For example, if $$x = 
\begin{bmatrix}
    0 & 3 & 4 \\
    2 & 6 & 4 \\
\end{bmatrix}\tag{3}$$ then $$\| x\| = np.linalg.norm(x, axis = 1, keepdims = True) = \begin{bmatrix}
    5 \\
    \sqrt{56} \\
\end{bmatrix}\tag{4} $$and        $$ x\_normalized = \frac{x}{\| x\|} = \begin{bmatrix}
    0 & \frac{3}{5} & \frac{4}{5} \\
    \frac{2}{\sqrt{56}} & \frac{6}{\sqrt{56}} & \frac{4}{\sqrt{56}} \\
\end{bmatrix}\tag{5}$$ Note that you can divide matrices of different sizes and it works fine: this is called broadcasting and you're going to learn about it in part 5.
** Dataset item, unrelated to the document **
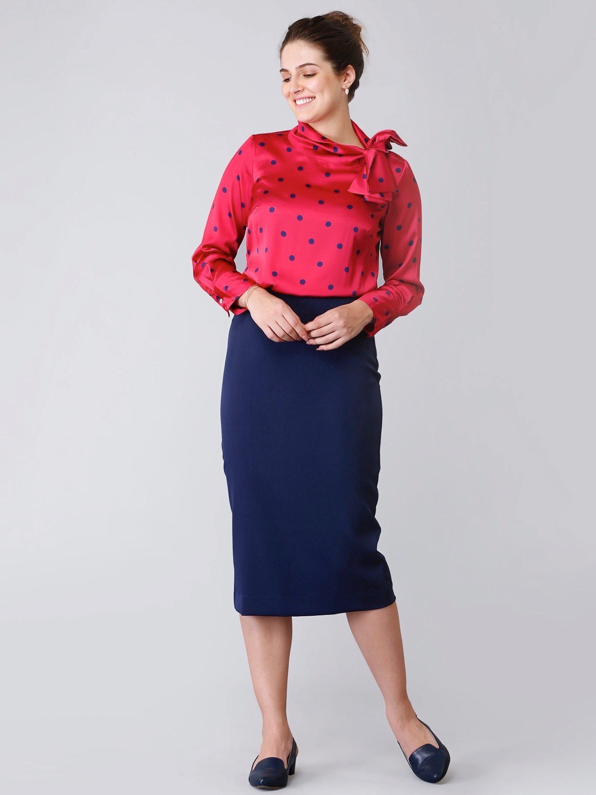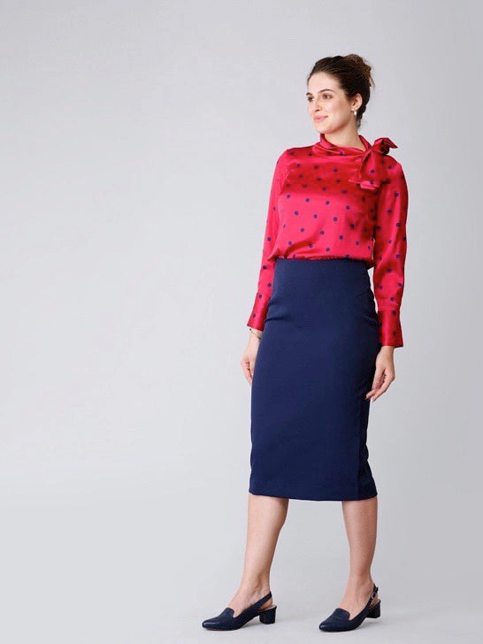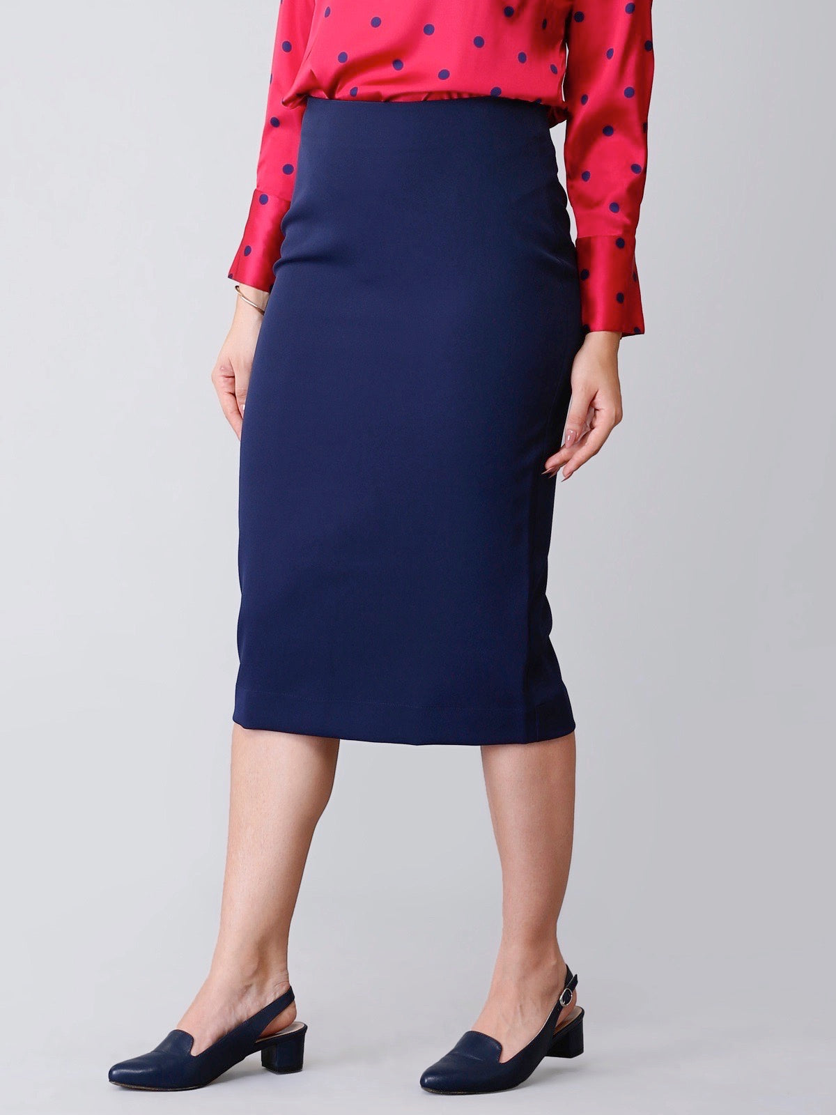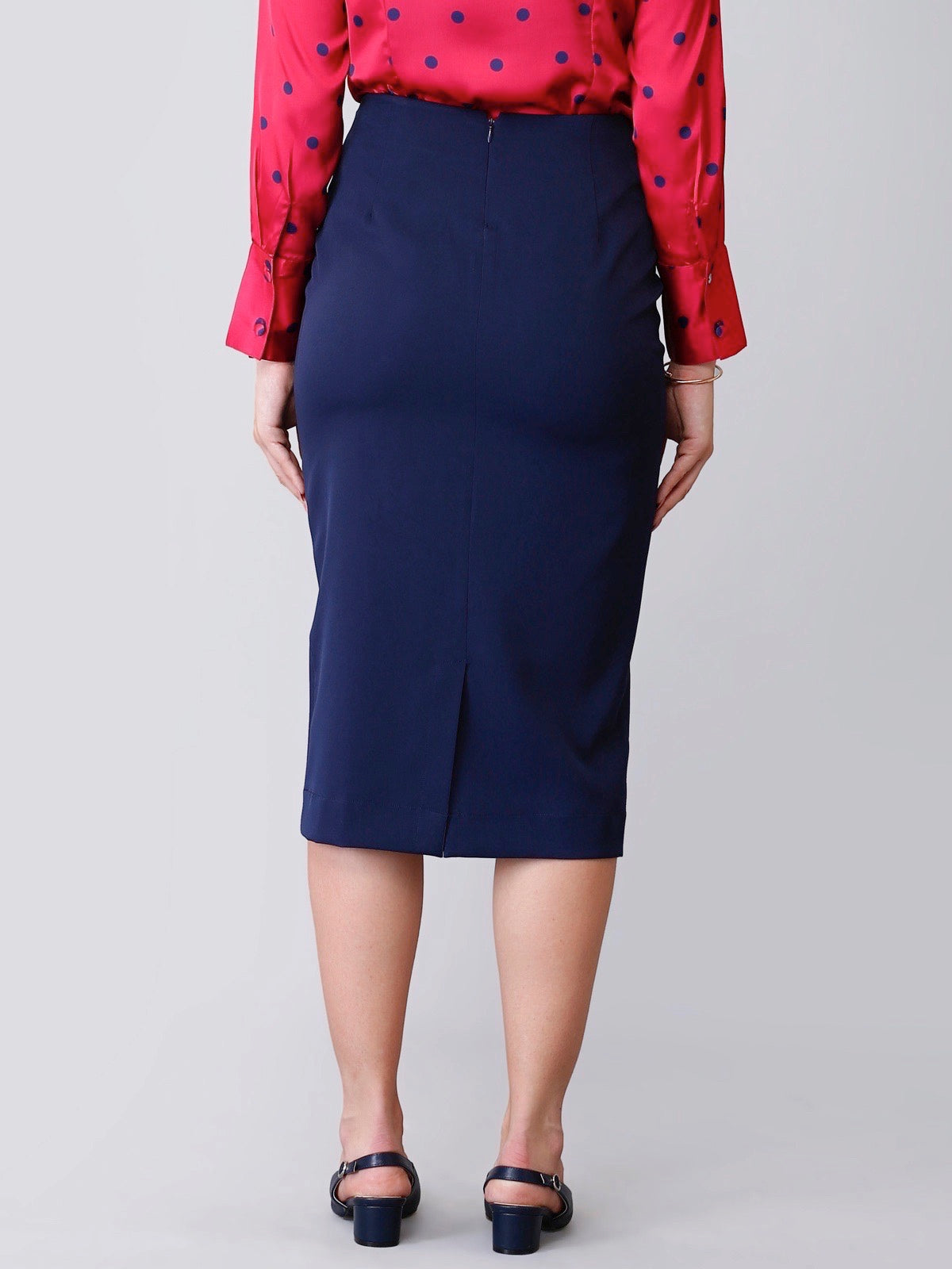 Made from hand-washable and anti-wrinkle poly marina, this midi skirt is your ideal pick on wintry work days. It falls below the knee and features a slit at the back which is as chic as convenient. It has an old-world, sophisticated charm which looks elegant at the work space. It comes with a concealed zip on the side for you to slip in and out easy and spacious pockets for your basic needs.

**Exercise**: Implement normalizeRows() to normalize the rows of a matrix. After applying this function to an input matrix x, each row of x should be a vector of unit length (meaning length 1).

In [6]:
def normalizeRows(x):
    """
    执行一个函数实现归一化矩阵 x 的每一行
    
    参数：
    x -- 一个numpy矩阵，大小为（n，m）
    
    返回值：
    x -- 行归一化后的numpy矩阵
    """
    
    x_norm = np.linalg.norm(x, axis = 1, keepdims = True)
    print("x_norm : " + str(x_norm))
    x = x / x_norm
    
    return x

In [7]:
import numpy as np
x = np.array([
        [0, 3, 4],
        [1, 6, 4]
    ])

print("x.shape" + str(x.shape))
s = normalizeRows(x)
print("s.shape" + str(s.shape))
print("normalizeRows() = " + str(s))



x.shape(2, 3)
x_norm : [[5.        ]
 [7.28010989]]
s.shape(2, 3)
normalizeRows() = [[0.         0.6        0.8       ]
 [0.13736056 0.82416338 0.54944226]]


广播和 softmax函数


A very important concept to understand in numpy is "broadcasting". It is very useful for performing mathematical operations between arrays of different shapes. For the full details on broadcasting, you can read the official [broadcasting documentation](http://docs.scipy.org/doc/numpy/user/basics.broadcasting.html).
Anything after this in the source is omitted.